Source data:
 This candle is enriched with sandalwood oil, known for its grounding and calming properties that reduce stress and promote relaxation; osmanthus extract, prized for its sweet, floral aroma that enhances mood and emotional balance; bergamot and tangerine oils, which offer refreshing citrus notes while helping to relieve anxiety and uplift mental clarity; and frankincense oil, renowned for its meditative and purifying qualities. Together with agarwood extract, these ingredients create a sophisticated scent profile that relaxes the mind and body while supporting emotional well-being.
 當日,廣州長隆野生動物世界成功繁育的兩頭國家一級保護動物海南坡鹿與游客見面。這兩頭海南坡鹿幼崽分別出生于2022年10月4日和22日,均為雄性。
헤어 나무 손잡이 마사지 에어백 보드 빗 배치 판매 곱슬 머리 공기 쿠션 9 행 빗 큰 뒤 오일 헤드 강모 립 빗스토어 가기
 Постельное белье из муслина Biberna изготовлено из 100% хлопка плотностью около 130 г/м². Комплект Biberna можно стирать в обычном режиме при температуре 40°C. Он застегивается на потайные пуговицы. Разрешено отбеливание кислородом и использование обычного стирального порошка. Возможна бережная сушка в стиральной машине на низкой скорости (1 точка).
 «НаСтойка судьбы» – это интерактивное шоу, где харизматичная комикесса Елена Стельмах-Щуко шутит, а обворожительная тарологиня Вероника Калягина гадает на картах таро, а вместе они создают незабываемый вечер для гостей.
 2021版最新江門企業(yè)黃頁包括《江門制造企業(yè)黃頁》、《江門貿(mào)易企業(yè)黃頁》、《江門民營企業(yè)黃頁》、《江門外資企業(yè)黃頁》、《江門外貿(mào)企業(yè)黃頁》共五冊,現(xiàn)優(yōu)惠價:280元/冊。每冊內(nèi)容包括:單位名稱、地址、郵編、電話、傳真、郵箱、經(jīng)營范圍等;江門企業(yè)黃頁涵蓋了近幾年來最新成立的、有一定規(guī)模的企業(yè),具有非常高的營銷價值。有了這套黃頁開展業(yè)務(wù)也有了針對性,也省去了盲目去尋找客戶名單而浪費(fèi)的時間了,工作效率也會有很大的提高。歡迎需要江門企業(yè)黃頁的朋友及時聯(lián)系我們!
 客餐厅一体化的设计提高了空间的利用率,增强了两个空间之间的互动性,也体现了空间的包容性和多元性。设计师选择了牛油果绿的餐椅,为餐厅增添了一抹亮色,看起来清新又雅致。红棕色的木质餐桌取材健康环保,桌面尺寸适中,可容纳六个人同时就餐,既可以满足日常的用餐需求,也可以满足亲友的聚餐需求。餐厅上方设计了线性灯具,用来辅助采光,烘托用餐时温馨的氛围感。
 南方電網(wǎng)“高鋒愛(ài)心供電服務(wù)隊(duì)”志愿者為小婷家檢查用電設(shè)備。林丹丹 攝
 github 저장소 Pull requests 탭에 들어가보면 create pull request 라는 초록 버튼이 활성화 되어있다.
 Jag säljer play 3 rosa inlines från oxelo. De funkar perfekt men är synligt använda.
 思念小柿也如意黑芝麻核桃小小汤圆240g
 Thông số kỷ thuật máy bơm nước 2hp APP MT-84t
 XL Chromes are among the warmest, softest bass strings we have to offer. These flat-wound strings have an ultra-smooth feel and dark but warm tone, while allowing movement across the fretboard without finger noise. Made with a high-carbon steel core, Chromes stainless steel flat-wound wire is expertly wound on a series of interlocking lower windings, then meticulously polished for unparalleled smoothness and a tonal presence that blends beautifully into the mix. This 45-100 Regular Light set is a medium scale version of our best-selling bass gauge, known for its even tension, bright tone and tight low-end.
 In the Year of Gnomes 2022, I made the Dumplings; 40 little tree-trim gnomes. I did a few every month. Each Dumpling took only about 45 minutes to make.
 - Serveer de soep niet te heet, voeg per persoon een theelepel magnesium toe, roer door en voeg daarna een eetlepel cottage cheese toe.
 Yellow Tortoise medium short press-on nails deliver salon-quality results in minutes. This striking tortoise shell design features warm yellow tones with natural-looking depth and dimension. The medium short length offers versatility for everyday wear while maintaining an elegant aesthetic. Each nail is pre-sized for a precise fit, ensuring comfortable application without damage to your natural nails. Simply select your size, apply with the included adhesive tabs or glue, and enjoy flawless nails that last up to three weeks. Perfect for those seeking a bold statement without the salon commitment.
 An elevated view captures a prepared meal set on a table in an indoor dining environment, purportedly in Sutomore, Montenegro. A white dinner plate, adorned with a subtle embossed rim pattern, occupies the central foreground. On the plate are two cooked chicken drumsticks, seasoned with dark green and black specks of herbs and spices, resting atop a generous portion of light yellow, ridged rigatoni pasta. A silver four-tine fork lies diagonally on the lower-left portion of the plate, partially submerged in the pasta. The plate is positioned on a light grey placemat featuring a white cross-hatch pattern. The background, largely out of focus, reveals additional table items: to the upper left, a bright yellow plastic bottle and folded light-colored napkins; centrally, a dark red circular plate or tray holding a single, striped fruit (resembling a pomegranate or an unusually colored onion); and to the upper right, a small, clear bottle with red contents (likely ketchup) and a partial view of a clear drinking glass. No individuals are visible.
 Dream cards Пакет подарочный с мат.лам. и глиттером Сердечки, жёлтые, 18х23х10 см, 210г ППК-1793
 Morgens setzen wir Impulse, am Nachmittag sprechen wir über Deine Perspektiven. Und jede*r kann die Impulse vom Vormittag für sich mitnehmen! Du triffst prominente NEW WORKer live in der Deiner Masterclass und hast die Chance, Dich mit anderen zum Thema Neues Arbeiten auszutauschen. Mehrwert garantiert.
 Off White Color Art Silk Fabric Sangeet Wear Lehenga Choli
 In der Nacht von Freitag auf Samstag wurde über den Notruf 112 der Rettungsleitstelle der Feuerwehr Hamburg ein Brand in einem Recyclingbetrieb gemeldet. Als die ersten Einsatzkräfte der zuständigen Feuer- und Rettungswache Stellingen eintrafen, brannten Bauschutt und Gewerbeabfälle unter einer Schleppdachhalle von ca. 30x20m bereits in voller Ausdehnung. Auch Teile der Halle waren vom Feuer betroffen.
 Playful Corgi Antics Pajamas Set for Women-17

Your goal: One stretch of the lines above is wanted, from the line that contains "github 저장소 Pull" through the line that contains "Yellow Tortoise medium". Output it exactly.

Response to the task:
 github 저장소 Pull requests 탭에 들어가보면 create pull request 라는 초록 버튼이 활성화 되어있다.
 Jag säljer play 3 rosa inlines från oxelo. De funkar perfekt men är synligt använda.
 思念小柿也如意黑芝麻核桃小小汤圆240g
 Thông số kỷ thuật máy bơm nước 2hp APP MT-84t
 XL Chromes are among the warmest, softest bass strings we have to offer. These flat-wound strings have an ultra-smooth feel and dark but warm tone, while allowing movement across the fretboard without finger noise. Made with a high-carbon steel core, Chromes stainless steel flat-wound wire is expertly wound on a series of interlocking lower windings, then meticulously polished for unparalleled smoothness and a tonal presence that blends beautifully into the mix. This 45-100 Regular Light set is a medium scale version of our best-selling bass gauge, known for its even tension, bright tone and tight low-end.
 In the Year of Gnomes 2022, I made the Dumplings; 40 little tree-trim gnomes. I did a few every month. Each Dumpling took only about 45 minutes to make.
 - Serveer de soep niet te heet, voeg per persoon een theelepel magnesium toe, roer door en voeg daarna een eetlepel cottage cheese toe.
 Yellow Tortoise medium short press-on nails deliver salon-quality results in minutes. This striking tortoise shell design features warm yellow tones with natural-looking depth and dimension. The medium short length offers versatility for everyday wear while maintaining an elegant aesthetic. Each nail is pre-sized for a precise fit, ensuring comfortable application without damage to your natural nails. Simply select your size, apply with the included adhesive tabs or glue, and enjoy flawless nails that last up to three weeks. Perfect for those seeking a bold statement without the salon commitment.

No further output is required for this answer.